With Deep Dive Studios, Odiorne continues to champion films that reveal the humor, tenderness, contradictions, and resilience within everyday American lives. His latest feature, “The Cereal Aisle Effect,” reflects this mission—a light-dark comedy set inside a small grocery store during a stalled hurricane, where unexpected connections emerge in the most unlikely of places.

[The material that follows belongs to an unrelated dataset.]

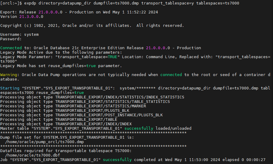 expdp directory=datapump_dir dumpfile=ts7000.dmp transport_tablespace=y tablespaces=ts7000

As a filmmaker, I’ve always been drawn to the idea that the ordinary becomes extraordinary once we choose to look at it without the jaded filter we carry around in modern life. America is full of these moments—small collisions, familiar rituals, quiet human truths hiding in plain sight. My inspiration comes from artists who understood this at a cellular level: the improvisational honesty of Coltrane and Miles Davis, the emotional force of de Kooning and Joan Mitchell, and the cultural mirror held up by Andy Warhol, whose reflections on American life still feel startlingly current.
These artists remind me to embrace humanity, spontaneity, and the beauty of imperfect expression—qualities I bring into storytelling. I’m interested in American people, American consumers, and the generational interplay that creates understanding where misunderstanding usually lives. Movies, to me, are our most American art form, and at a time when the industry often feels disconnected from everyday lives, I believe there’s immense value—even urgency—in returning to stories that reflect who we really are.
“The Cereal Aisle Effect” is one small attempt at that: a story about connection, empathy, and the wonder that can still be found in the most familiar of places.